En tiempo escaso se popularizaron los novelistas antes citados, y Ana María Matute --que siempre plantea la duda de si pertenece a esta generación, la anterior o la que viene--, Juan Goytisolo, Ignacio Aldecoa, Fernández Santos, García Hortelano, Juan Marsé, Grosso, Martín Gaite, Luis Goytisolo y otros que animaron los corrillos literarios, se disputaron los premios y la fama, atizaron polémicas en las revistas literarias e interesaron a un público que compraba novelas como nunca desde 1942. Se trataba de una generación que, a diferencia de la anterior, mostraba un abierto antagonismo hacia el franquismo y tuvo reconocimiento en el exterior.

De esa generación hoy mantienen estatura la eterna Ana María Matute escribiendo literatura fantástica o infantil, Juan Goytisolo dedicado a elucubrar sobre la política más que a escribir novelas y el incombustible Juan Marsé, impertérrito en su quehacer novelístico.

Punto y aparte para los escritores no burgueses que se preocuparon del mundo obrero y sus penalidades.
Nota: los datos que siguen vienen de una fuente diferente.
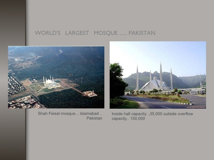 16. 16. WORLD'S   LARGEST   MOSQUE ...... PAKISTAN Shah Feisal mosque... Islamabad .. Pakistan Inside hall capacity ..35,000 outside overflow capacity.. 150,000
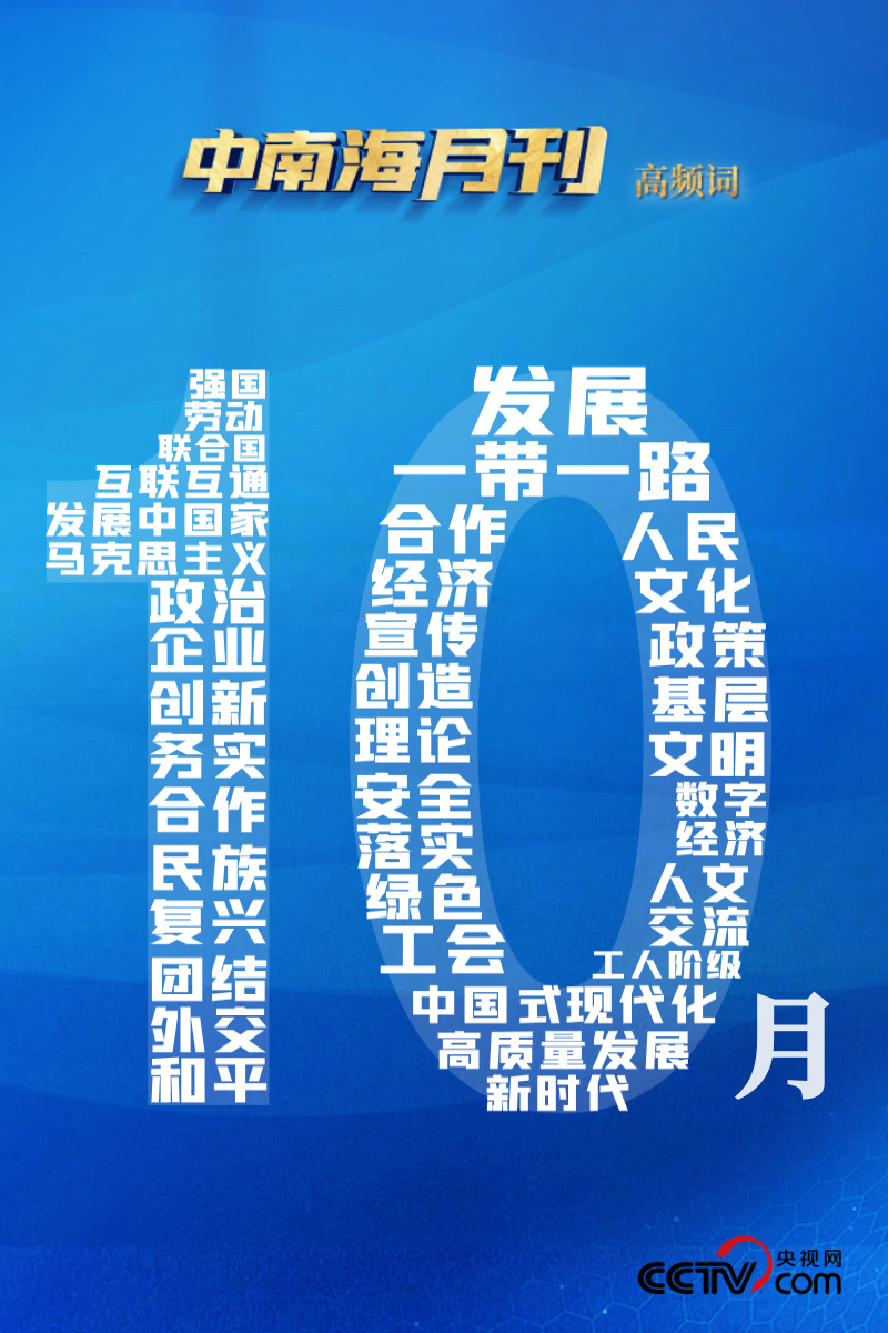 央视网《中南海月刊》运用智能大数据,与您一起回顾金秋10月的中华大地,在习近平新时代中国特色社会主义思想的引领下,奋进前行的脚步。

Cito a Antonio Ferres (1924), Armando López Salinas (1925) y Juan Eduardo Zúñiga (1929), cultivadores de una novela social muchas veces clandestina que fue perseguida sin ambages por el régimen de Franco al considerarles como muy peligrosos -- a Ferres se le prohibió publicar Al regreso del Boiras (1961) y Los vencidos (1964). La novela redonda de esta corriente social sería Central eléctrica (1957) de Jesús López Pacheco (1930), uno de los escritores más importantes de esos años junto al más tardío poliautor Manuel Vázquez Montalbán (1939), cuyo talento era inmenso y en su inmensidad se desperdigaba.

Si El Jarama de Ferlosio abrió el portón de la Generación de 1950, se cerraría con otra novela de Juan Benet, Volverás a región (1967). Del experimentalismo faulkneriano se pasó a una busca --que llegó a ser desenfrenada-- de nuevas formas expresivas incluidas las generadas por la nouvelle vague francesa, a pesar de que en un principio se pretendió mantener un compromiso básico con el realismo para no divorciarse del público.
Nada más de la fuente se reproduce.